**Task to complete:**
Return the lines of the data below, from the one containing "O Iluminismo foi" through the very last, exactly and with both ends included; no pictures.

───── Given data

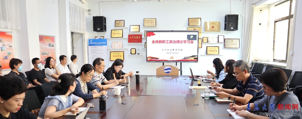 新聞網訊 9月1日上午,公共外語教育學院召開全體教職工政治理論學習會暨學期初工作會議。院黨委書記劉海榮主持會議,全院教職工線上線下參會。
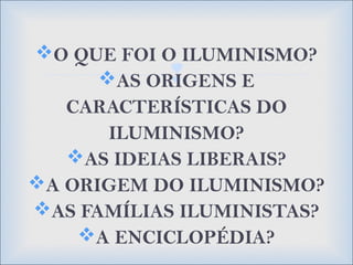 O Iluminismo foi um movimento intelectual do século 18 na Europa que defendia o uso da razão contra o antigo regime, pregando maior liberdade. Grandes pensadores iluministas acreditavam que suas ideias de liberdade política e econômica poderiam guiar os governantes. A Enciclopédia resumiu as ideias iluministas de valorização da razão, ciência e crítica à Igreja e ao absolutismo.
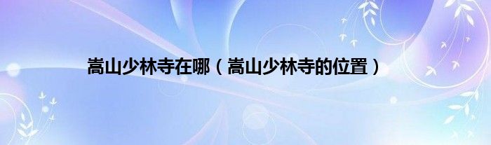 本文,嵩山少林寺在哪,嵩山少林寺的位置到此就分享完毕,希望对大家有所帮助。

──────────

**Response:**
 O Iluminismo foi um movimento intelectual do século 18 na Europa que defendia o uso da razão contra o antigo regime, pregando maior liberdade. Grandes pensadores iluministas acreditavam que suas ideias de liberdade política e econômica poderiam guiar os governantes. A Enciclopédia resumiu as ideias iluministas de valorização da razão, ciência e crítica à Igreja e ao absolutismo.
 本文,嵩山少林寺在哪,嵩山少林寺的位置到此就分享完毕,希望对大家有所帮助。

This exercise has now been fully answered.